(Stored data entries)
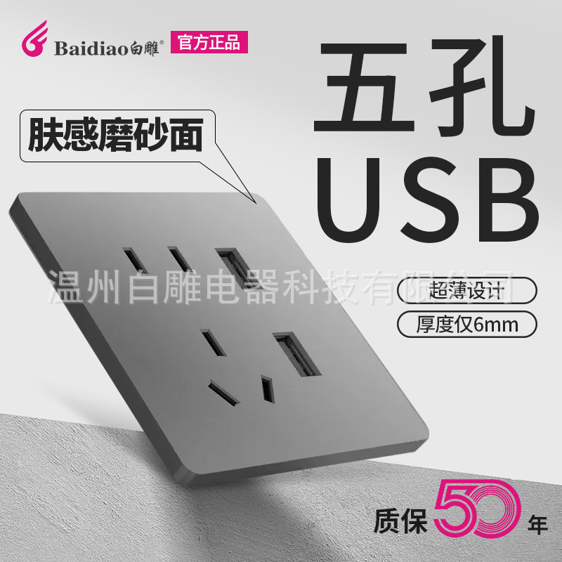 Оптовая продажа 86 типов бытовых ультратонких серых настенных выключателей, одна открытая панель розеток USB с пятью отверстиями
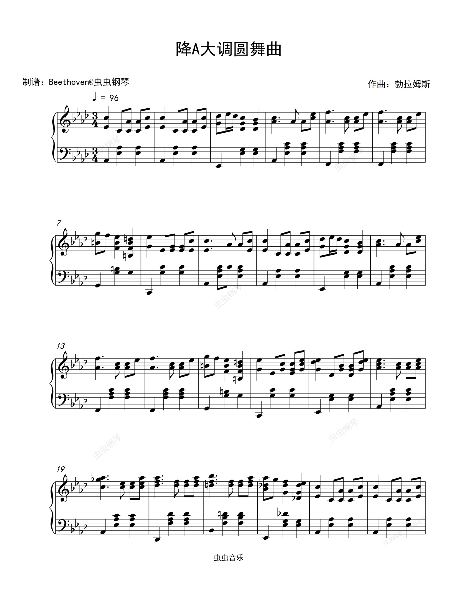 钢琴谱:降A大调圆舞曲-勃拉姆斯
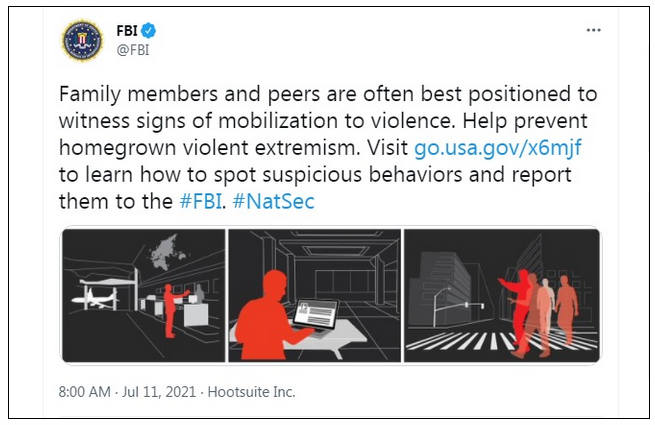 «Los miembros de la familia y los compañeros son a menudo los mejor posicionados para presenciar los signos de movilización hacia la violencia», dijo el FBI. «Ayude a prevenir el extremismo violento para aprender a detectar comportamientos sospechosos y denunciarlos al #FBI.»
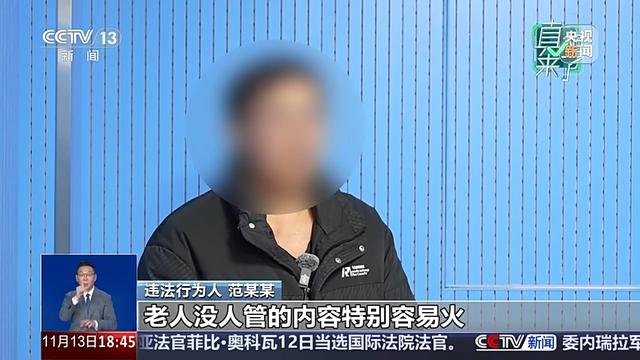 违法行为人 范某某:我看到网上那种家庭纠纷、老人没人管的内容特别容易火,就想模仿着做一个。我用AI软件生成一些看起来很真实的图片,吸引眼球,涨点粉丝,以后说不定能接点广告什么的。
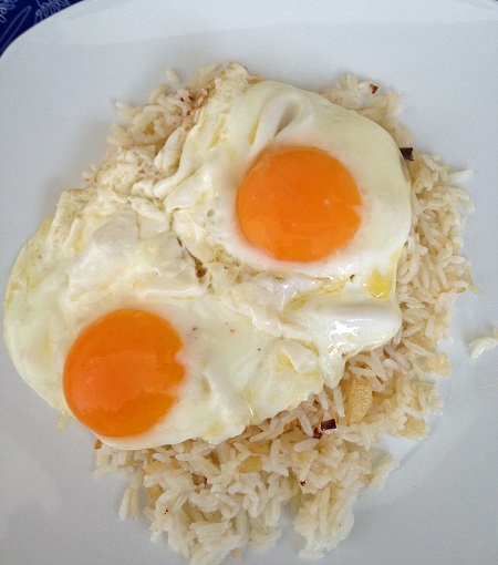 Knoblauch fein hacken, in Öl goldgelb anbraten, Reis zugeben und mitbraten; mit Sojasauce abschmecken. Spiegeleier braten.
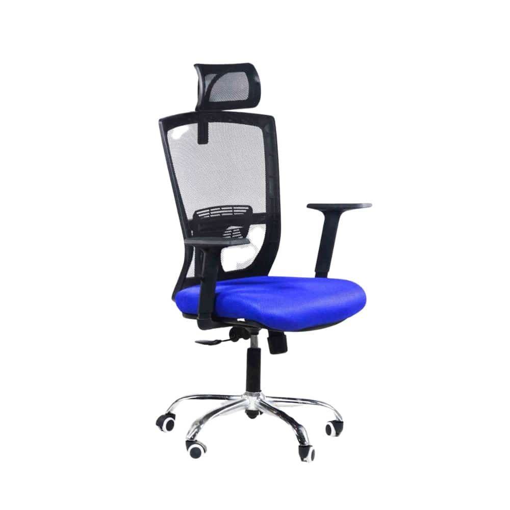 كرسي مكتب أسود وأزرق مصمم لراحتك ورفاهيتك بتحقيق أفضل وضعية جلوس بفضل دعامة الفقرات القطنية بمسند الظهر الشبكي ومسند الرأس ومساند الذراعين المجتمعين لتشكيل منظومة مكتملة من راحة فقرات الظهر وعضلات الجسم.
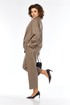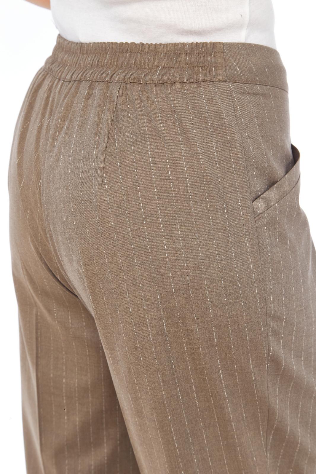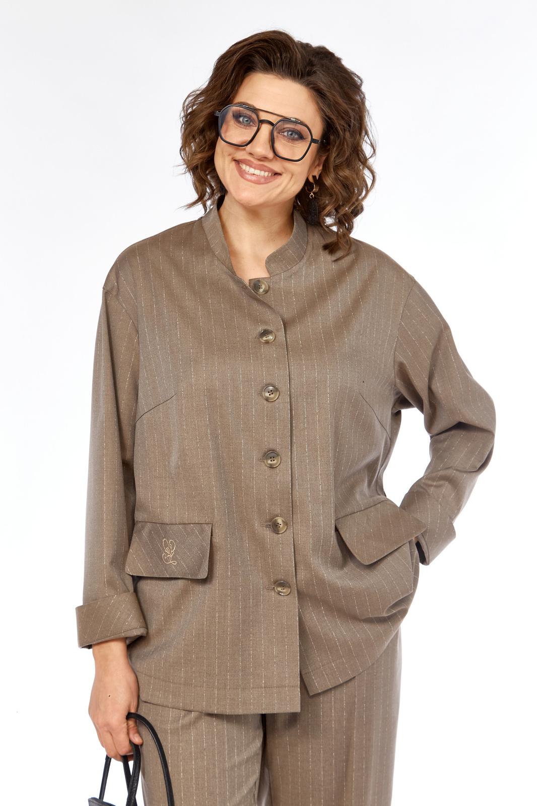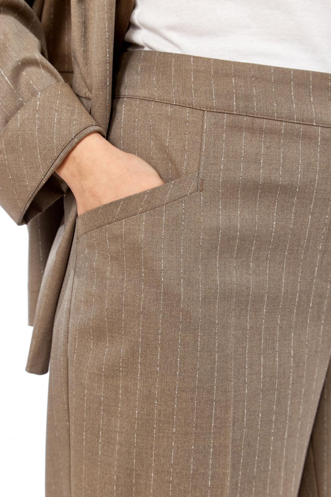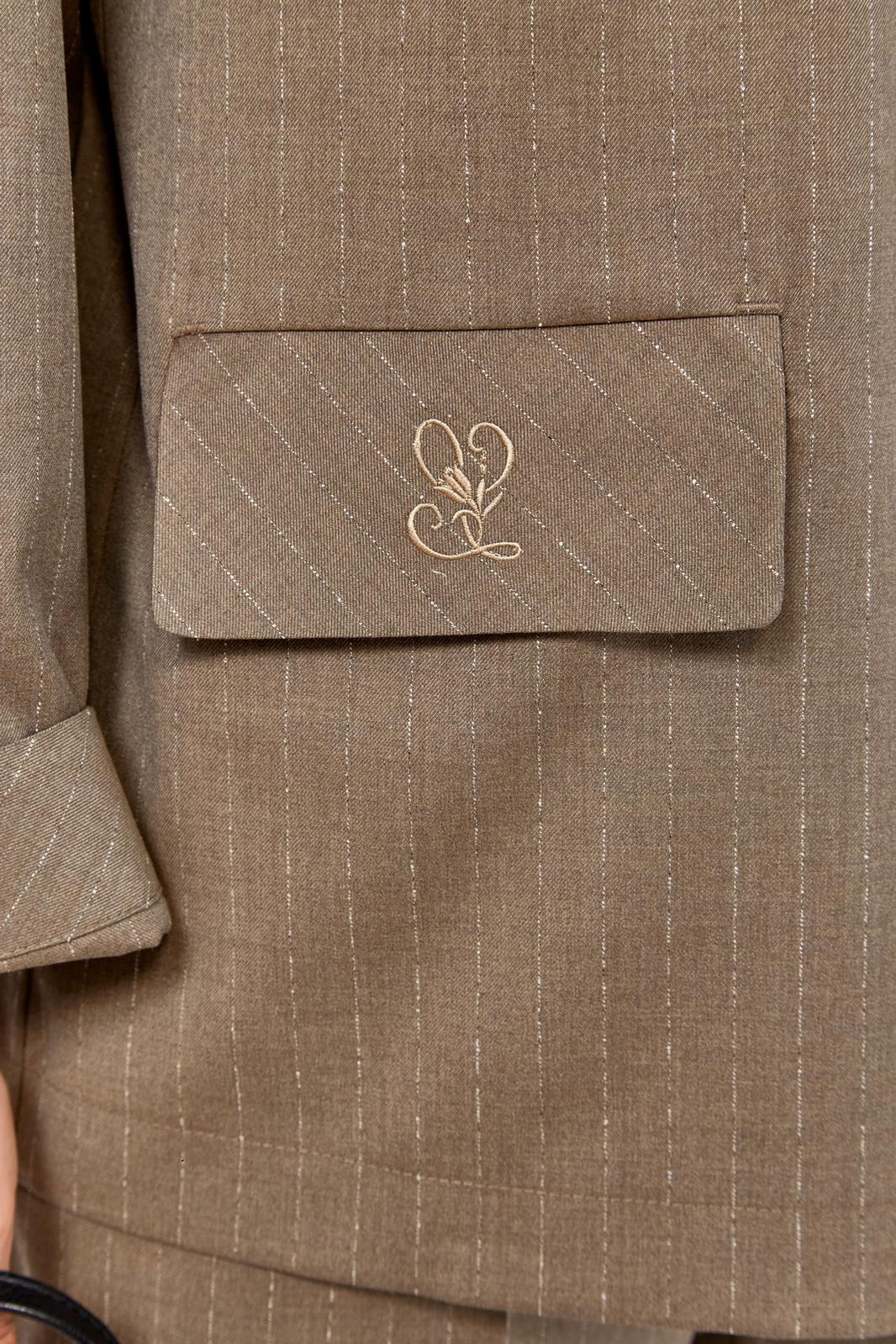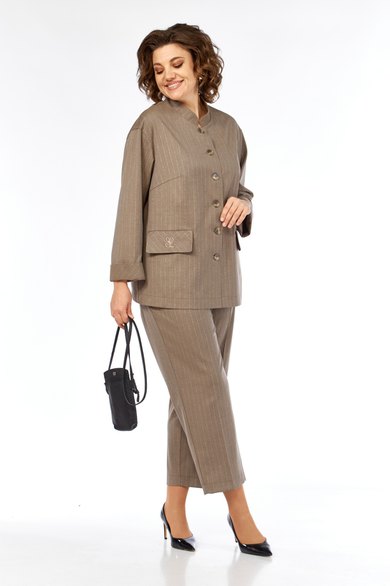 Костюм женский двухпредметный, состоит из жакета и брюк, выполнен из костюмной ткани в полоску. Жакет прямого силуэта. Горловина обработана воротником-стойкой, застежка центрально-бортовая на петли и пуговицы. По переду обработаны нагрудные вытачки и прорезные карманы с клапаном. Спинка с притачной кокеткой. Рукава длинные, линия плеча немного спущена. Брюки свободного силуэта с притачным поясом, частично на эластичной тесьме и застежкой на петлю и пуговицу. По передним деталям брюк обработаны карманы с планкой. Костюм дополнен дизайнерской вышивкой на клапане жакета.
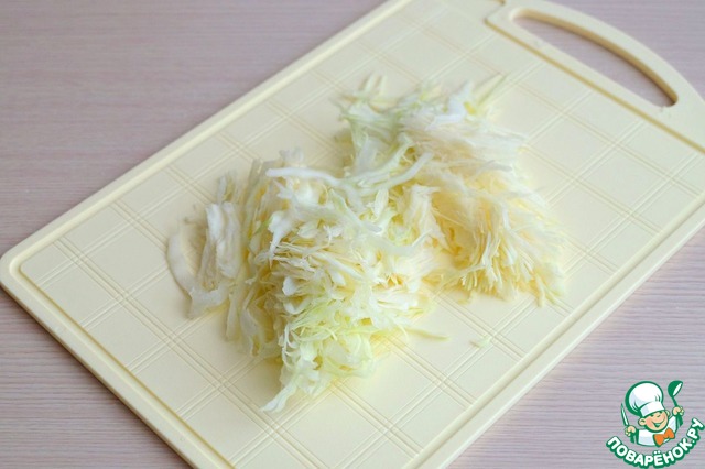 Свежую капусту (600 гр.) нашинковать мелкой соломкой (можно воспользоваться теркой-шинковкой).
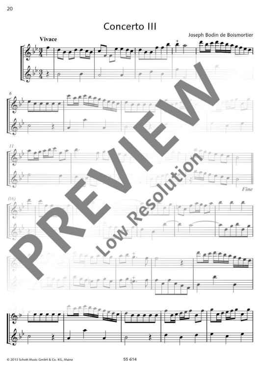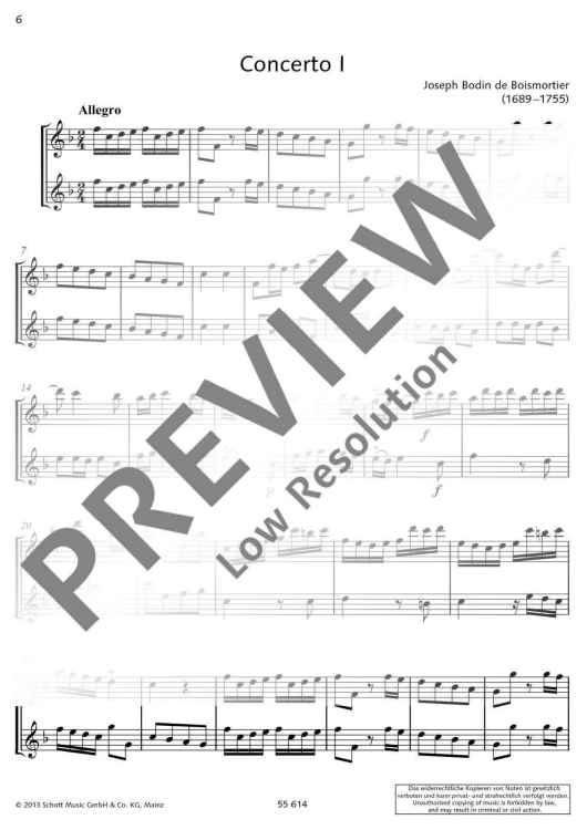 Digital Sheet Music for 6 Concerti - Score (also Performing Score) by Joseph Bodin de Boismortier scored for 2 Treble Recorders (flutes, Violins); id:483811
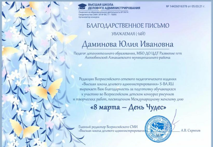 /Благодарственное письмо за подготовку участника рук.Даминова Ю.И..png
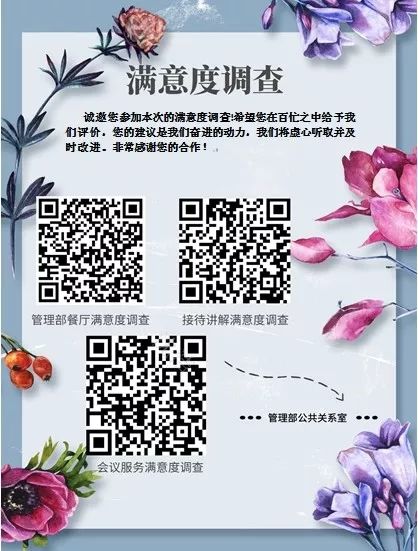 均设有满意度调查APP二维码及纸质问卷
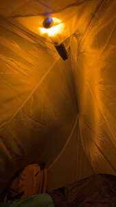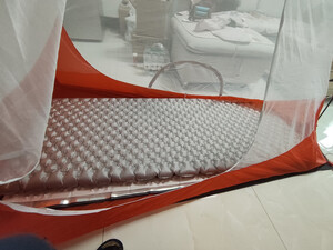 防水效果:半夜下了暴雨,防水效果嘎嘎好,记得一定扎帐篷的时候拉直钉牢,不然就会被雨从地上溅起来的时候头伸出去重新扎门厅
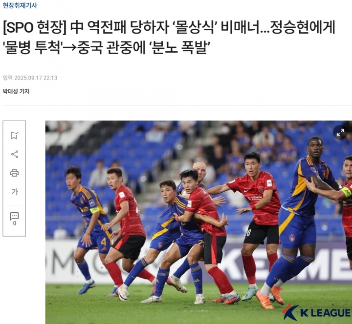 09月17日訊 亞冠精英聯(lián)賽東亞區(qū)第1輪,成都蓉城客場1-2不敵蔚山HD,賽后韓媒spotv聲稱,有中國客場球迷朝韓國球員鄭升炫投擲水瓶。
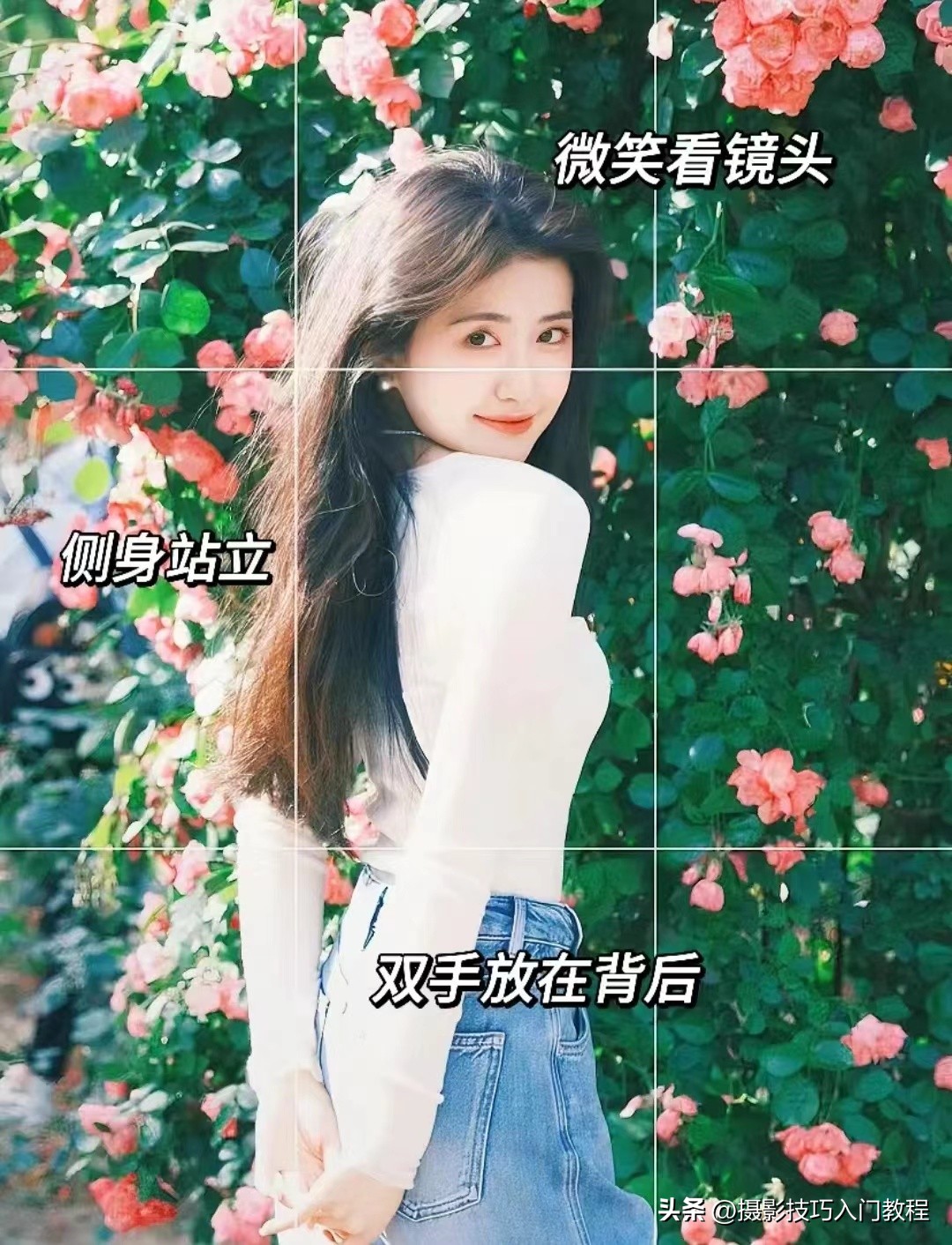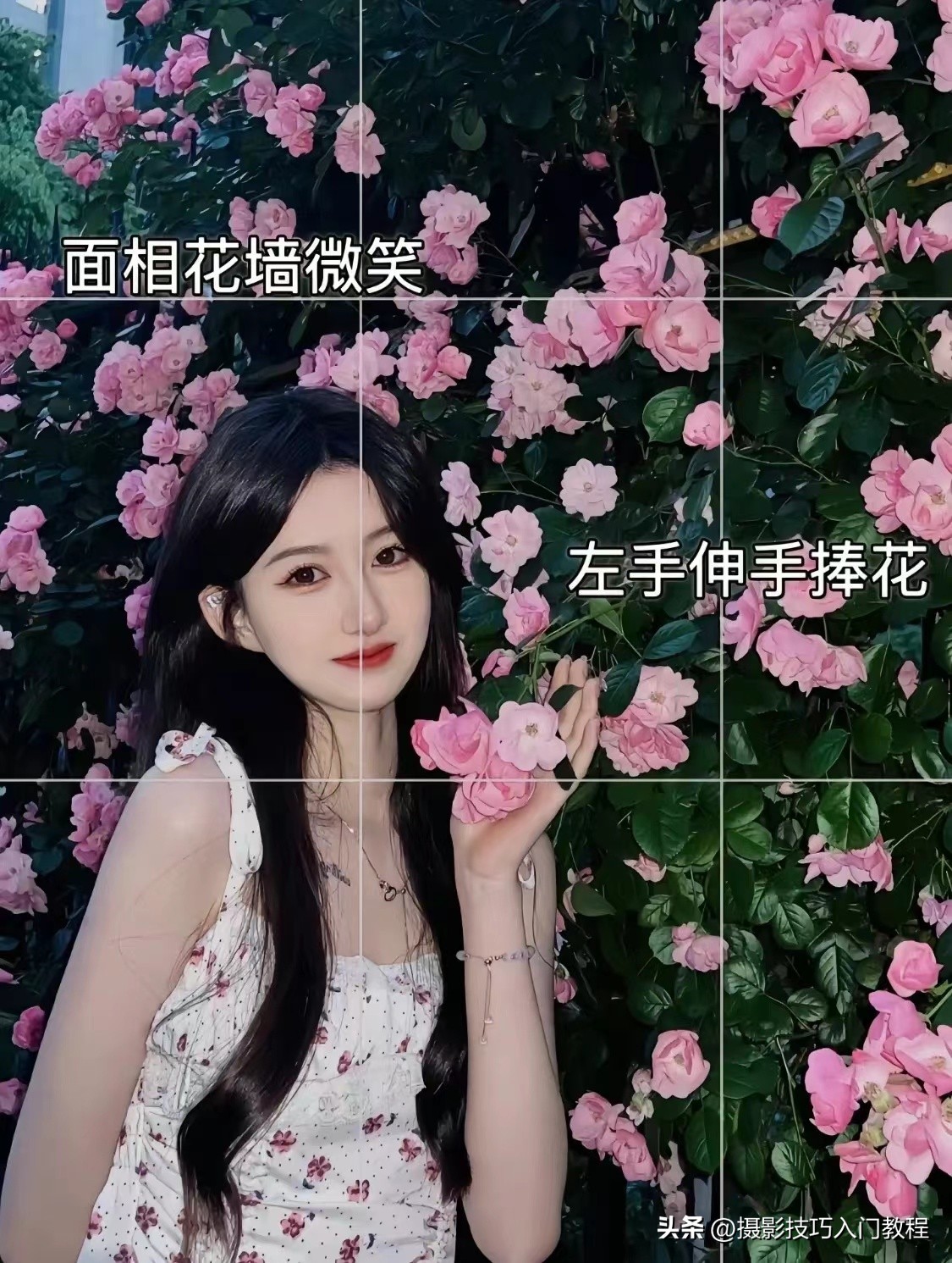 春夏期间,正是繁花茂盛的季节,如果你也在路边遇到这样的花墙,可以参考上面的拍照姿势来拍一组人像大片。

Task details. Transcribe exactly, and only, the lines from the one with "كرسي مكتب أسود" through the final line of the data above. The pictures stay out.

Written solution.
 كرسي مكتب أسود وأزرق مصمم لراحتك ورفاهيتك بتحقيق أفضل وضعية جلوس بفضل دعامة الفقرات القطنية بمسند الظهر الشبكي ومسند الرأس ومساند الذراعين المجتمعين لتشكيل منظومة مكتملة من راحة فقرات الظهر وعضلات الجسم.
 Костюм женский двухпредметный, состоит из жакета и брюк, выполнен из костюмной ткани в полоску. Жакет прямого силуэта. Горловина обработана воротником-стойкой, застежка центрально-бортовая на петли и пуговицы. По переду обработаны нагрудные вытачки и прорезные карманы с клапаном. Спинка с притачной кокеткой. Рукава длинные, линия плеча немного спущена. Брюки свободного силуэта с притачным поясом, частично на эластичной тесьме и застежкой на петлю и пуговицу. По передним деталям брюк обработаны карманы с планкой. Костюм дополнен дизайнерской вышивкой на клапане жакета.
 Свежую капусту (600 гр.) нашинковать мелкой соломкой (можно воспользоваться теркой-шинковкой).
 Digital Sheet Music for 6 Concerti - Score (also Performing Score) by Joseph Bodin de Boismortier scored for 2 Treble Recorders (flutes, Violins); id:483811
 /Благодарственное письмо за подготовку участника рук.Даминова Ю.И..png
 均设有满意度调查APP二维码及纸质问卷
 防水效果:半夜下了暴雨,防水效果嘎嘎好,记得一定扎帐篷的时候拉直钉牢,不然就会被雨从地上溅起来的时候头伸出去重新扎门厅
 09月17日訊 亞冠精英聯(lián)賽東亞區(qū)第1輪,成都蓉城客場1-2不敵蔚山HD,賽后韓媒spotv聲稱,有中國客場球迷朝韓國球員鄭升炫投擲水瓶。
 春夏期间,正是繁花茂盛的季节,如果你也在路边遇到这样的花墙,可以参考上面的拍照姿势来拍一组人像大片。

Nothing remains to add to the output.